Dan Stiffler calendar-girls@mindspring.com
Sun, 29 Jun 2003 03:59:42 -0400


In the November 1957 Dear Playboy, we read the following exchange:

"When I bought the very  first issue of PLAYBOY, my enthusiasm was
boundless--a down-to-earth Esquire, a bachelor's New Yorker!  After years of
reading someone's conception of what I was supposed to like, at last I had a
magazine that I did like.  No flat-chested, high-cheekboned women; no
recipes for pheasant with bordeaux wine sauce; no lavender waistcoats and
pearl gray spats; but, rather, great big healthy women, steak and three
button suits.  But now, in the fourth year of publication, PLAYBOY is
approaching the egghead attitude of that Other Man's Magazine.  The
gourmet's corner and the fashion plates are becoming intoxicated with
themselves.  The women are much more warmly dressed and even the wonderful
sketches on the Party Jokes page are becoming extinct.  Are
pseudo-sophistication and false respectability the natural bedfellows of an
increased circulation?  --E. Barry Lehman; New York, New York

"Memory is a funny things, Barry.  The past often seems a bit better than
the present, just because it is the past.  We took our bound volumes of the
first three years down from the shelf this afternoon and compared them with
this year's issues.  Once we'd overcome the nostalgia--for editing PLAYBOY
has always been a labor of love and each issue completed is like a brief
affair ended too soon (which would be unbearable if there weren't a new
issue each month to tease and fascinate us in its place)--once we'd fastened
those issues with a cold and objective eye, it was clear that each year in
PLAYBOY's short four-year history has been considerably better than the one
before.  PLAYBOY has published no more entertaining fiction that 'The Fly'
(June) and 'The Prince and the Gladiator' (September); no more provocative
pictorials that 'Playboy's Yacht Party' (July); no more provocative articles
than 'The Pious Pornographers' (October); no funnier satires than 'Enter the
Handsome Stranger' (June): no more pleasant look at the world around us than
that supplied by bearded, wandering cartoonist Shel Silverstein.  We
checked, rather carefully, the Playmates, too, and though we all have our
special favorites of the past, the current crop is as pretty as ever we've
picked (and we suggest you peruse the Playmate Review in the up-coming
January issue to confirm that)."

"Labor of love," "unbearable," "tease and fascinate"--all these words
suggest the passion with which the editors approached their work and the
value of a new "affair" each month (i.e., the next issue, the next
playmate).  Yet the response deflects Barry's criticism.  None of PLAYBOY's
examples contradicts gourmets and fashion plates "intoxicated with
themselves."  Instead, PLAYBOY lists fiction, articles, satires, cartoons,
about which Barry was apparently unconcerned.

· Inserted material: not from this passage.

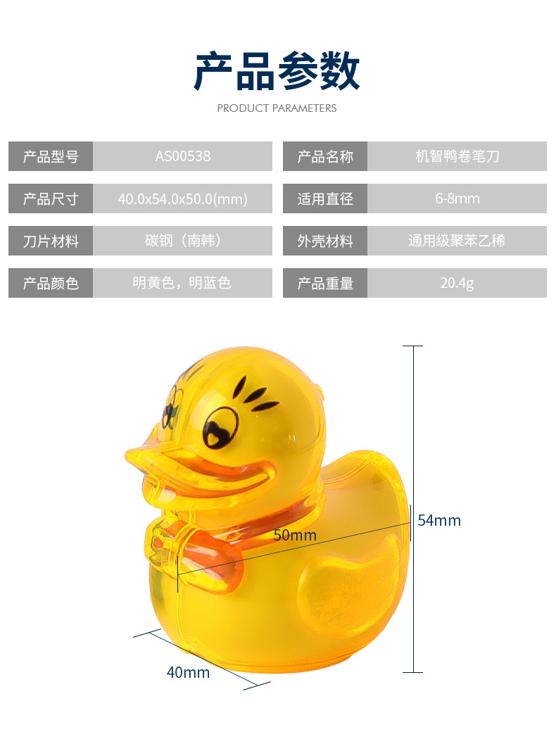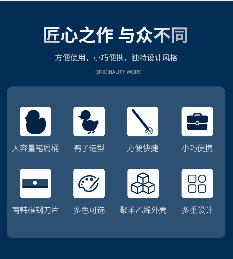 创意机智鸭造型卷笔刀定制南韩碳钢刀片铅笔刨高颜值小黄鸭削笔器...

Barry's complaint about "warmly dressed" playmates has some merit (as has
been noted here, after the first year the playmate became more modest until
the sixties).  Interestingly, Miss November 1957, Marlene Callahan, has one
of the bolder centerfolds of the period with her Do Not Disturb sign and a
translucent gown that reveals a suggestion of pubic hair.  But PLAYBOY says
nothing about "warmly dressed" women or "pheasant with wine sauce," mainly
because it couldn't refute those complaints.  PLAYBOY had, in fact, become
more respectable as its circulation increased.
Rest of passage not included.